Semantic Search
Find information by meaning, not just keywords. ContextForge uses AI-powered embeddings to understand the context of your queries.
How It Works
Traditional keyword search matches exact words. Semantic search understands the meaning of your query and finds relevant results even if they use different words.
Keyword Search
Query: "authentication error"
- Only matches "authentication" AND "error"
- Misses "login failed" or "auth issue"
- No understanding of context
Semantic Search
Query: "authentication error"
- Finds "login failed", "auth issue", "401 error"
- Understands synonyms and related concepts
- Ranks by relevance, not just matches
Using Semantic Search
In Claude, simply ask to search your memory.
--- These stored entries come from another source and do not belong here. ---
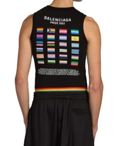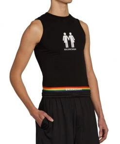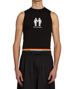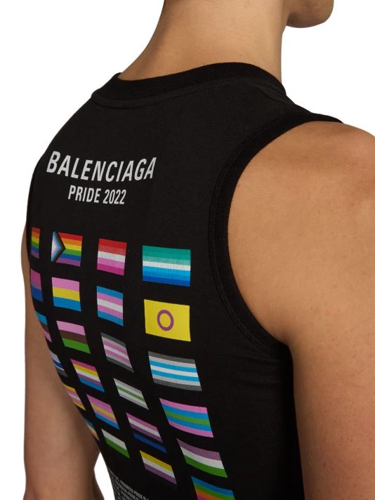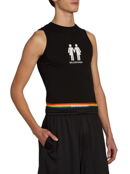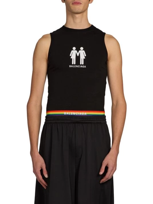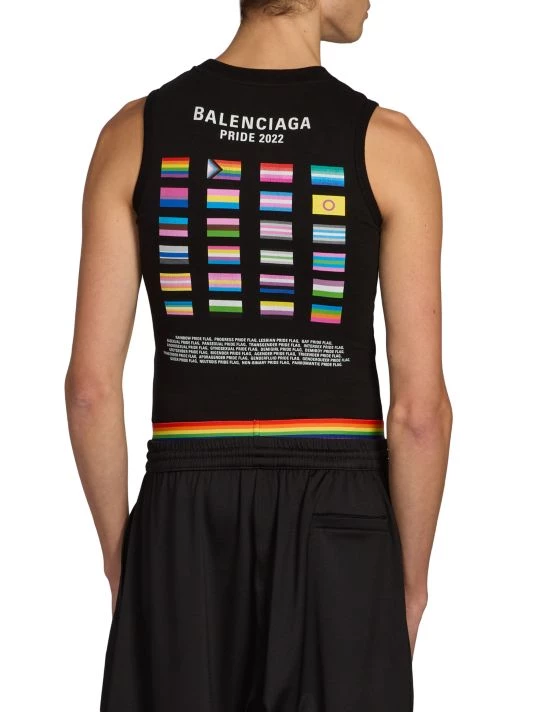 Cut for a snug fit, this tank top features an all-gender bathroom symbol on the front and twenty-four Pride flags on the back.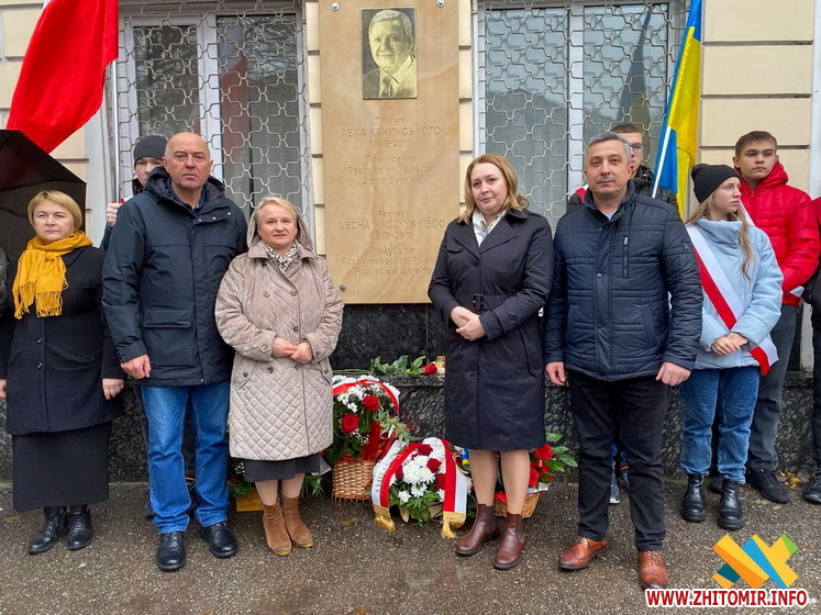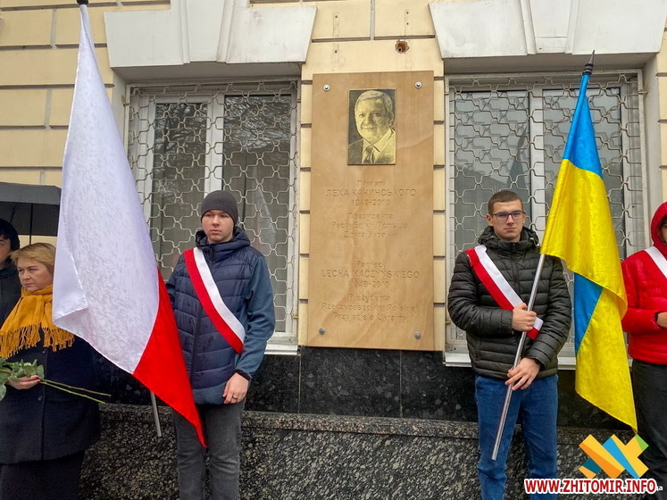 Одна з вулиць Житомира має почесне ім‘я великого друга України, президента Республіки Польща (2005-2010 рр.) Леха Качинського. До меморіальної дошки одного з найвизначніших діячів сучасної Польщі щороку на річницю незалежності Польської Республіки несуть квіти та запалюють лампадки.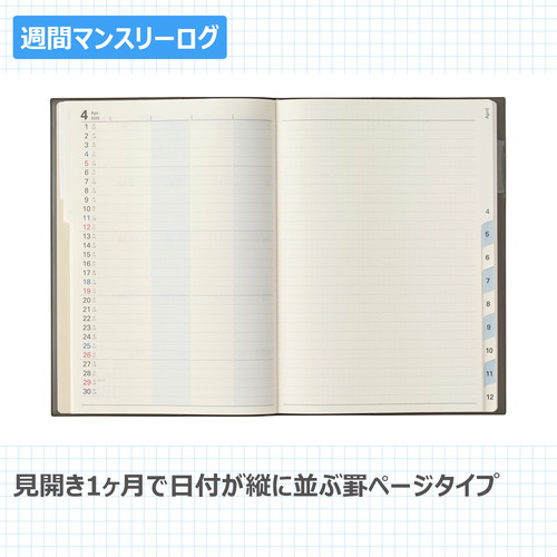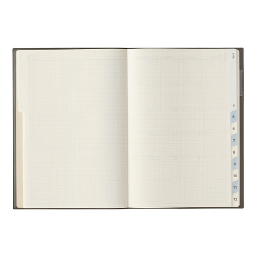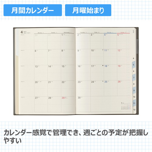 複数のプロジェクトや案件の管理をしたい社会人にもおすすすめのNOLTY(ノルティ)の人気手帳。月間カレンダー+月間横ケイ+方眼メモページの薄型手帳 【月間カレンダー】見開き1ヶ月のベーシックなブロックタイプ(月曜始まり)。カレンダーと同じような感覚で見ることができ、週ごとの予定が把握しやすいのが特徴です。 【月間横ケイ】左ページは項目別に上から下の流れに沿って1ヶ月を俯瞰して把握できるマルチプランページ。右ページはノート代わりにしたり、上下のドットをガイドに縦に腺を引けば、左ページ同様に使え、最大8つの進行管理が可能です。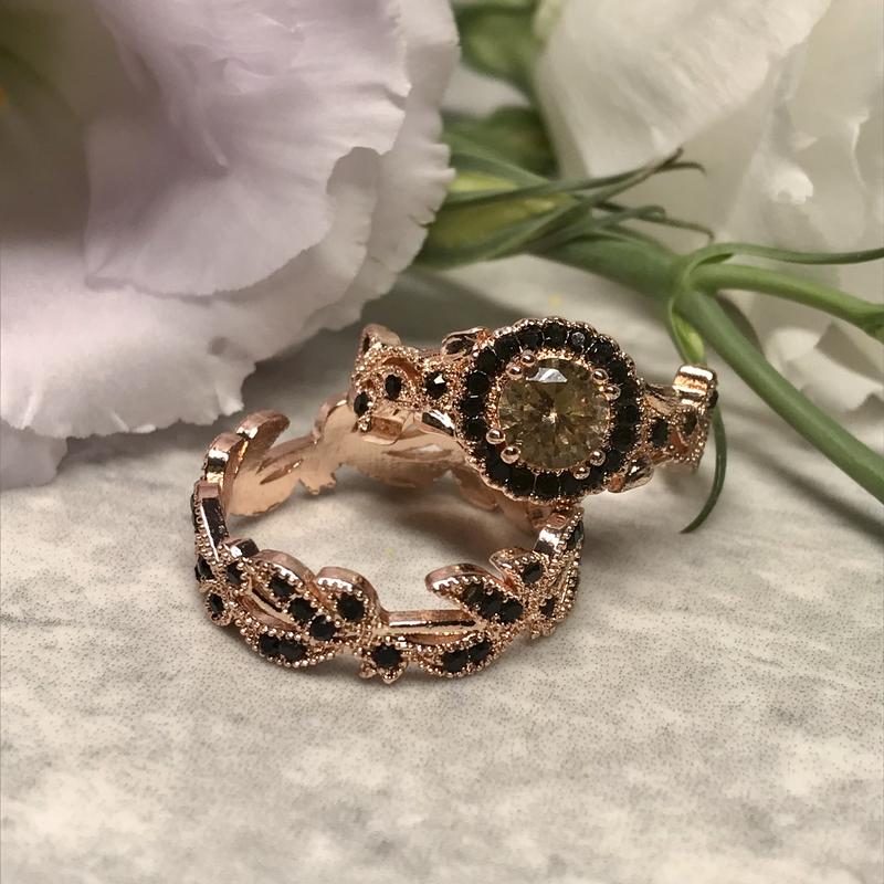 Кільце 2 в 1. Імітація рожевого золота з чорними дорогоцінними камеями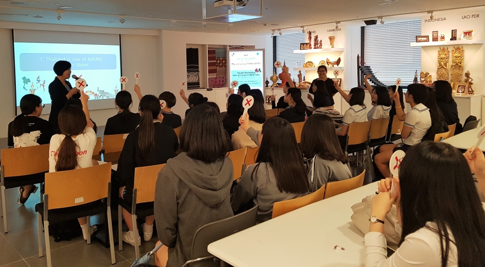 The Youth Workshop was held on Wednesdays from 1 August to 5 September. It offered a wide range of programs, including a lecture on Thailand-Korea relations; Thai quiz contest; Thai traditional clothing experience; ‘My Amazing Thailand’ poster making; special talks on Thailand and ASEAN; as well as a career exploration activity. In addition, special sessions on Thailand and Thai-ROK relations have been also conducted by Mr. Sribhongse Bunnag, Second Secretary, Ms. Sarocha Rachawong and Ms. Pitchaya Maiboonkaew, Public Sector Development Officers from Royal Thai Embassy in Korea. The Youth Workshop composed of 5 sessions has been successfully completed in recording the number of 200 attendees including junior and high school students, teachers, parents and experts for multicultural education, etc.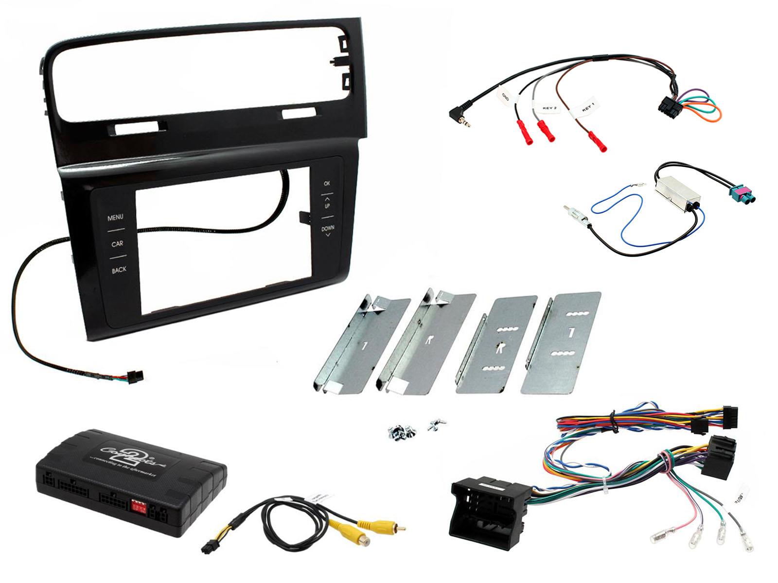 VW Golf VII Installation Kit. Supplied With Infodapter, Black Double DIN Fascia Plate, Capactive Touch Buttons, Twin FAKRA Antenna Adapter & Universal Patchlead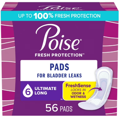 Poise Ultimate Incontinence Pads (Long, 56‑count) offer 6‑drop ultimate absorbency, specifically engineered to combat bladder leaks with confidence. These pads feature an Absorb‑Loc core that locks away wetness and neutralizes odor for up to 12 hours, while the ContourFit shape and leak‑block sides keep you comfortably dry. Crafted with a Dry‑Touch surface, they’re 10× drier than leading period pads for unmatched comfort and freshness.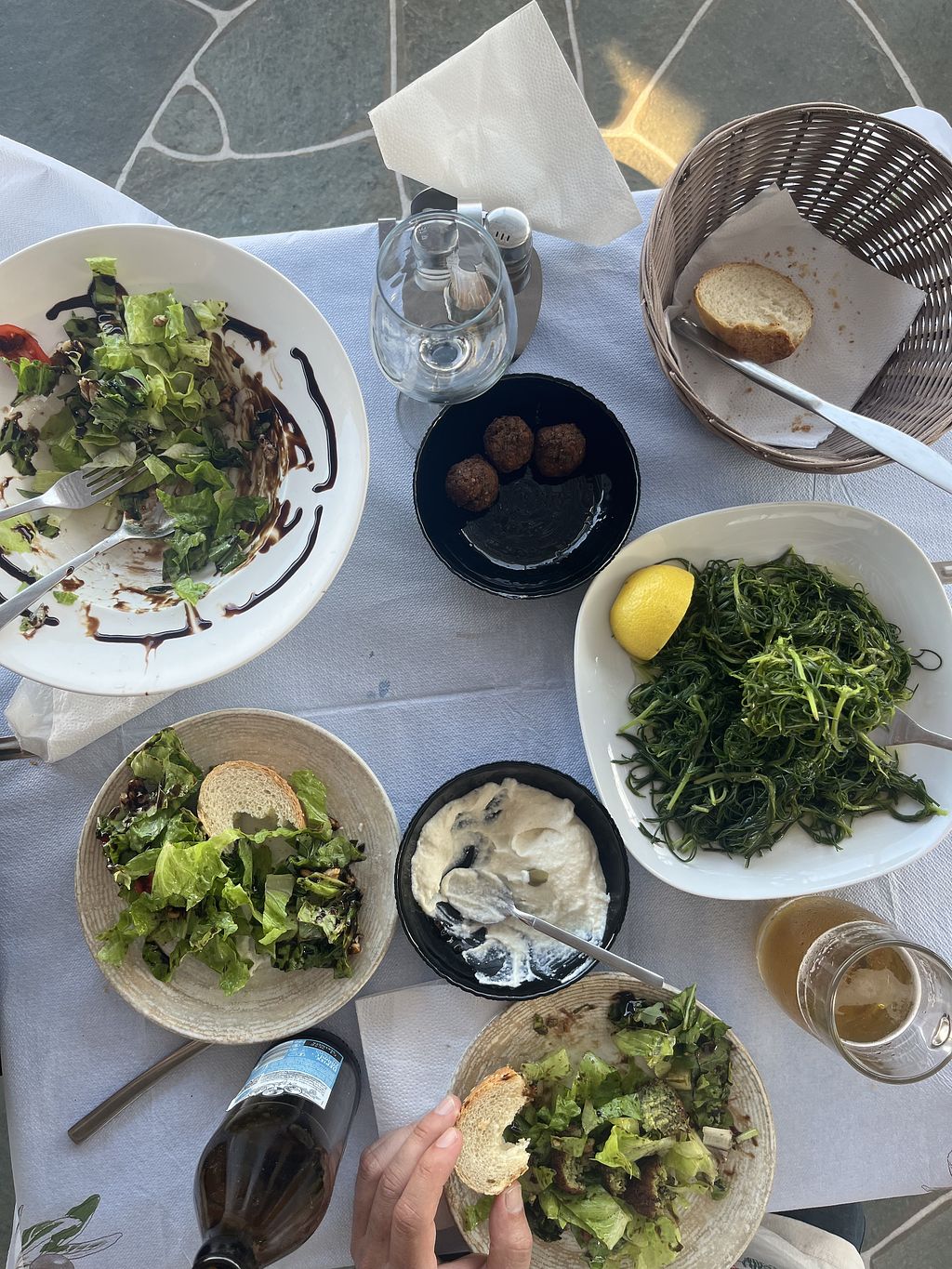 Cute small restaurant overlooking the Faros beach. Seems to be simpler and more traditional than the handful of others in the area. We had chickpea croquets (falafel?), a yum garlic dip, and a couple salads; one that was a local seasonal green that was like soft stringy seaweed (was yum). Server didn’t flinch when we asked what was vegan, pointed out more options than we ordered. It’s mostly a seafood menu but quite a few veg appetisers and salads that is enough to fill the table while you enjoy the view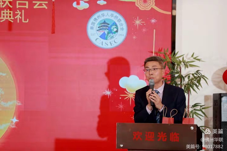 中国驻美大使馆温鹏辉一等秘书在庆典上发表了热情洋溢的讲话,为侨胞们送来祖国的关怀与祝福。他以三个“和/合/阖”为主旨,阐释了深远的意义。首先是和平之“和”,强调中国始终奉行独立自主的和平外交政策,坚持走和平发展道路,国家实力的提升是为了维护世界和平,而非扩张侵略。其次是联合之“合”,温秘书高度肯定佛州华联自1994年成立以来所取得的成绩,赞扬华联在促进中美人文交流、推动华人融入当地、积极服务社区等方面发挥了重要作用,并对本次新老会长顺利交接寄予厚望。最后是阖家团圆之“阖”,他借中秋佳节的契机,祝愿海外侨胞阖家幸福、团圆美满,共享“海上生明月,天涯共此时”的诗情画意。他的讲话情真意切,既传递了祖国的关怀,也展现了外交的高度。温秘书以三个同音字“和/合/阖”为脉络,和平之和、联合之合、阖家团圆之阖,既有大国视野,又有社团关怀,更有节日温情。这样的巧思妙用,使得讲话更富哲理与文化意蕴,让现场侨胞在聆听中不仅倍感祖国的温暖与鼓舞,更对“和/合/阖”这一中华文化的核心理念有了深刻体会。这一番讲话为庆典增添了庄重与温馨的气氛。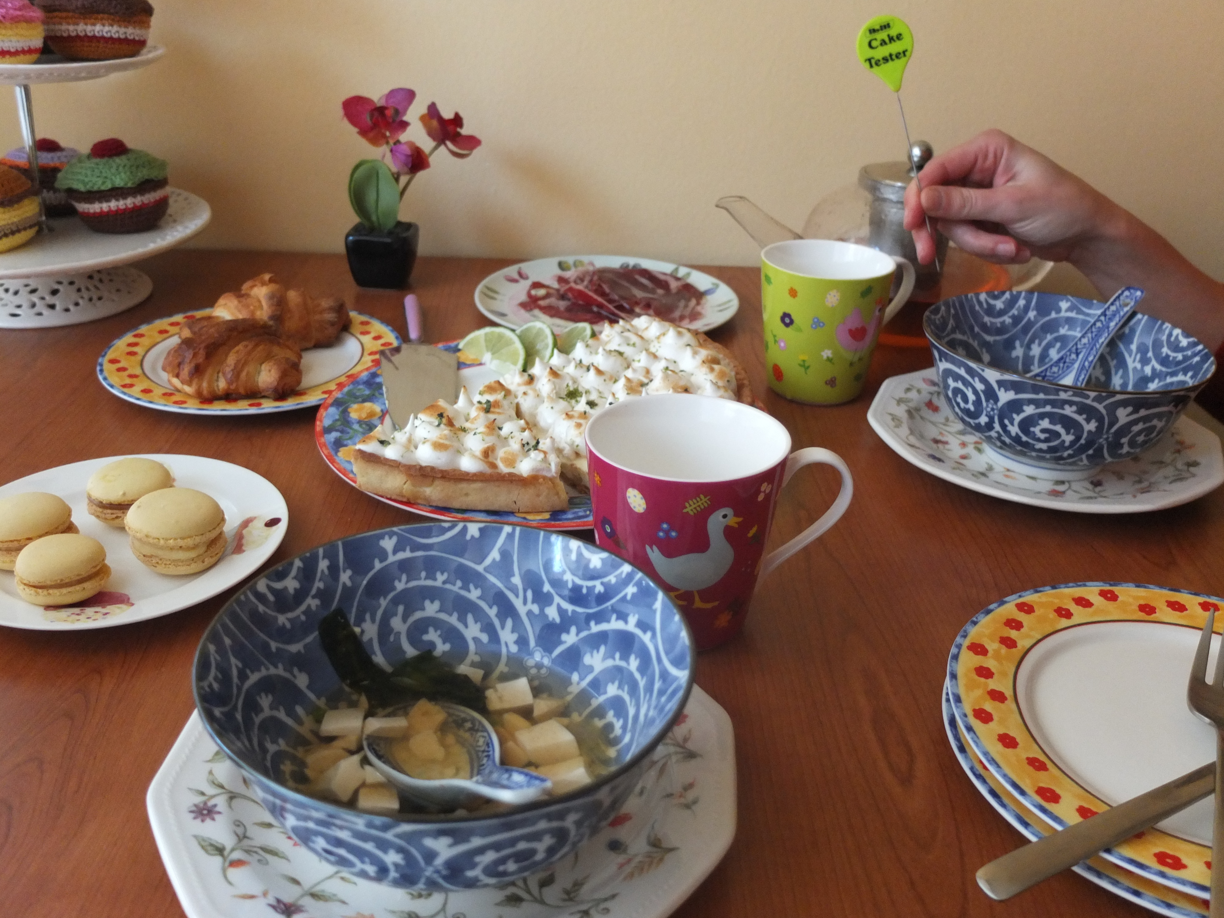 I wanted to take full advantage of this new tester, who apparently loves their food, for our cake dinner (yes, cake dinner). The full works I thought: hmm, lime pie, lemon macarons and croissants too maybe? Would that be enough, I wondered. Scroll down to see the result: tables laden with sweet edibles but with a surprise healthy starter and a little present for me – hmm, what could that be?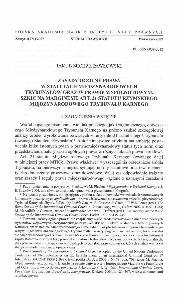 Wśród bogatego piśmiennictwa, tak polskiego, jak i zagranicznego, dotyczącego Międzynarodowego Trybunału Karnego na próżno szukać szczegółowej analizy źródeł wyrokowania zawartych w artykule 21 statutu tegoż trybunału (zwanego Statutem Rzymskim). Autor niniejszego artykułu ma ambicję postawienia kilku istotnych pytań o prawnomiędzynarodowy status tych norm oraz przedstawienia natury zasad ogólnych prawa w różnych aktach prawa narodów.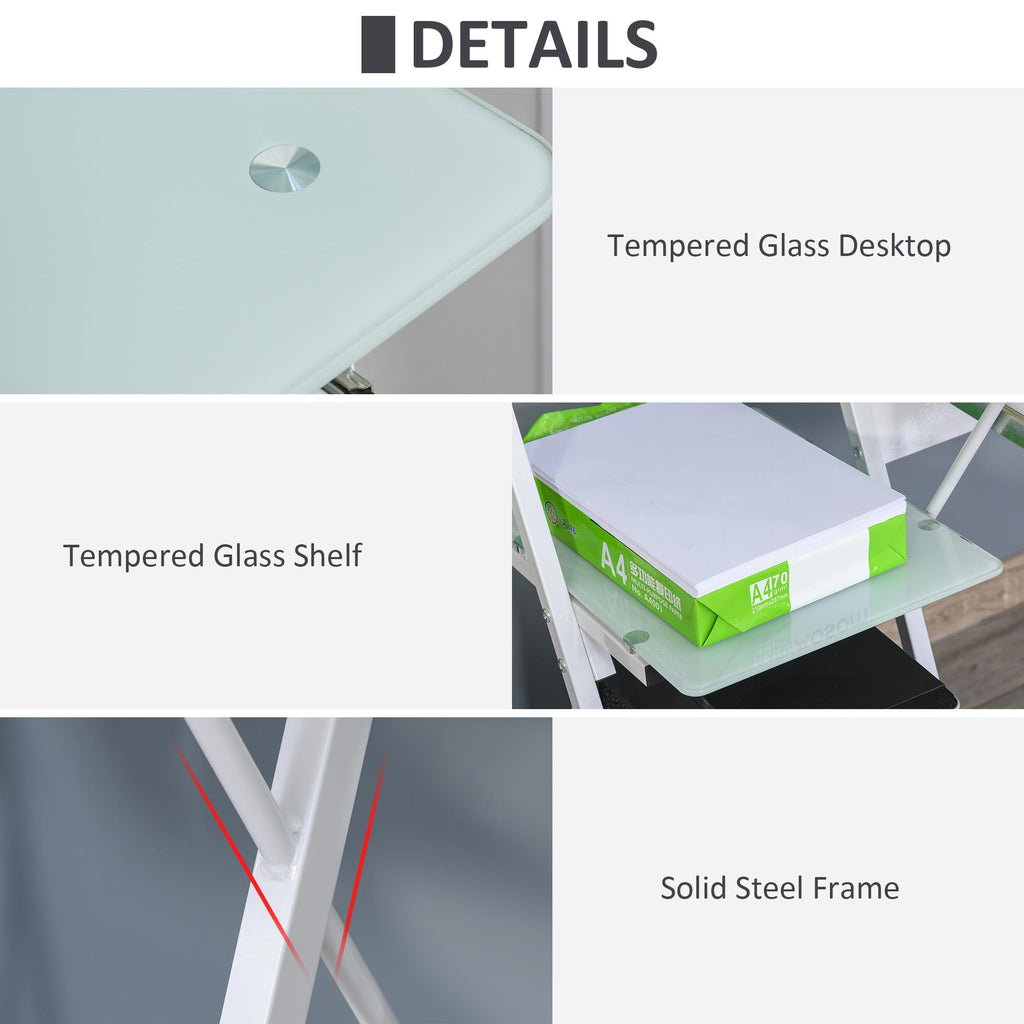 Schreibtisch für PC 116,5x54,5x100 cm mit Regalen und weißer Glasplatte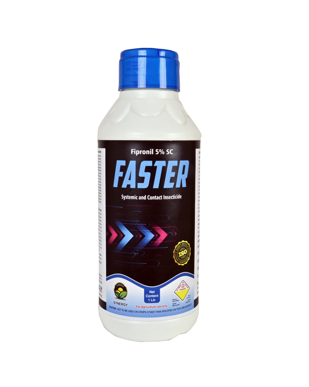 DESCRIPTION: FASTER (Fipronil 5% SC) Is A Modern Insecticide Of Phenylpyrazole Group Which Controls The Insect Pests Of Rice, Chilli, Cabbage/cauliflower And Sugarcane Effectively. It Has Been Proven To Offer Low Dose, Highly Effective Insect Control Against A Broad Range Of Economically Important Pests.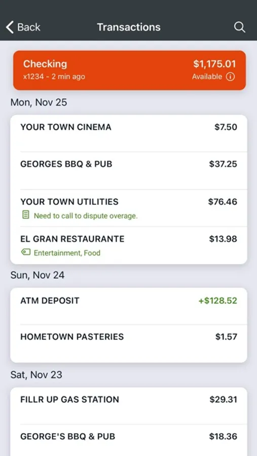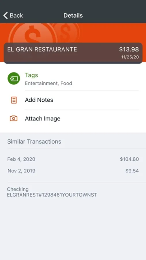 - Keep your transactions organized by allowing you to add tags, notes and photos of receipts and checks.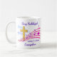 Modern SING HALLELUJAH CHRIST IS RISEN Christian Easter Coffee Mug with CUSTOMIZABLE NAME AND MONOGRAM, showing a gold colored empty cross in amongst colorful music staves. The Easter text appears in a mauve color. These words will be sung by Christians the world over to celebrate the resurrection of our Lord Jesus Christ at Calvary. This modern Christian Easter mug would make a great gift for birthdays, at Christmas, throughout the year, but particularly for Easter. Choose from a wide selection of Christian Easter designs on cards, invitations, home decor, clothing and gifts, designed by Berean Designs. Matching Christian gifts available.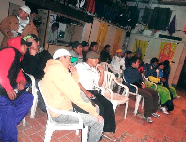 “Nosotros no tenemos propiedad sobre los grupos, las actividades que vienen a realizarse aquí ‘no son parte de’. Wayna Tambo es un espacio donde la gente realiza sus actividades, sus presentaciones. En algunos casos, como el hip hop es un movimiento relativamente nuevo, nuestro vínculo es fruto de un taller que brindó Marraqueta Blindada, y fruto del taller se convirtió en un programa de radio, a nosotros nos interesaba fortalecer los movimientos alternativos. Todo se originó con un movimiento, lo que hoy se conoce como hip hop y además salió un disco, no es que haya una instancia organizativa que nuclee” aclaró Callejas.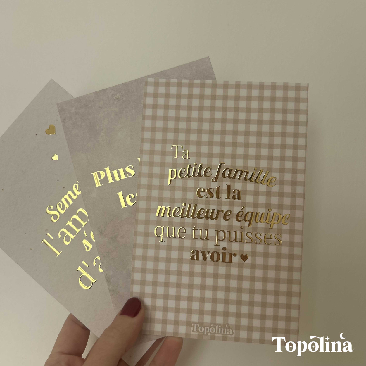 Ce trio de cartes citations familiales a été imaginé pour mettre à l’honneur ce qui compte le plus : la famille, l’amour et les liens du quotidien.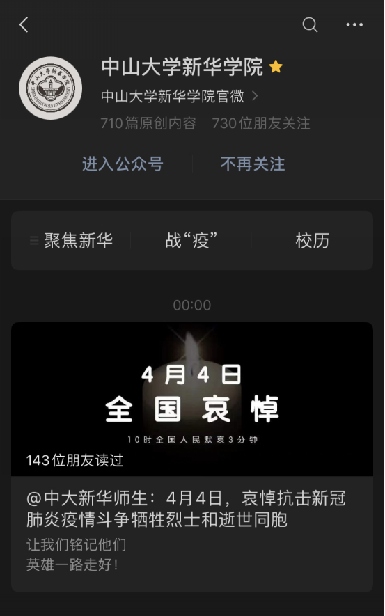 4月4日0时起,中山大学新华学院官方网站首页、官方微信头像等平台随即调整为黑白色调,并发布“@中大新华师生:4月4日,为抗击新冠肺炎疫情斗争牺牲烈士和逝世同胞哀悼”的悼念文章。

The MCP client will automatically use semantic search.
# Example queries in Claude
"Search my memory for how we handle user authentication" "Find any documentation about the payment flow" "What patterns did we use for error handling?" "Look for anything related to database migrations"
MCP Tool Reference
memory_querySearch your knowledge base using semantic similarity.
Parameters
| Name | Type | Required | Description |
|---|---|---|---|
| query | string | Yes | Natural language search query |
| space_id | string | No | Limit search to a specific space |
| limit | number | No | Maximum results (default: 10) |
| min_score | number | No | Minimum similarity score 0-1 (default: 0.3) |
| project_id | string | No | Search within a project (auto-set from linked project) |
| include_relationships | boolean | No | Show connections for each result (default: false) |
| filters | object | No | Filter by tags, source_types, or category |
Example Response
{
"results": [
{
"id": "abc123",
"title": "Authentication Flow",
"content": "We use JWT tokens for authentication...",
"similarity": 0.89,
"space": "backend-docs",
"tags": ["auth", "jwt", "security"]
}
],
"total": 1
}Relationship-Aware Search
When your knowledge items are connected via relationships (see Knowledge Graph), search automatically becomes smarter. It doesn't just find direct matches — it discovers related items through connections.
Direct Results
Items that semantically match your query. These are re-ranked considering their connections — items linked to other high-scoring results get boosted.
Expanded Results
Items discovered through relationships. They may not match your query directly, but they're connected to items that did. These appear as a separate "Related items" section in results.
# Example: search "onboarding" with connected knowledge
Direct results:
1. Client Onboarding Process (89% match)
2. Onboarding Checklist (76% match)
Related items (via relationships):
1. Welcome Email Sequence (72% match)
related_to → Client Onboarding Process
2. CRM Setup Guide (65% match)
derived_from → Onboarding ChecklistRelationship-aware search is enabled by default. The more connections you create between items, the smarter your search results become. Use include_relationships: true to also see what each result is connected to.
Tips for Better Results
- 1
Be descriptive, not terse
Instead of "auth", try "how does user authentication work in our system"
- 2
Include context
Mention the feature, module, or problem domain you're asking about
- 3
Use natural language
Ask questions as you would to a colleague, not as keyword searches
- 4
Refine with spaces
If results are too broad, search within a specific space
Under the Hood
ContextForge uses Voyage AI embeddings (voyage-3-lite) to convert text into 1024-dimensional vectors. These vectors capture semantic meaning, allowing us to find similar content using cosine similarity.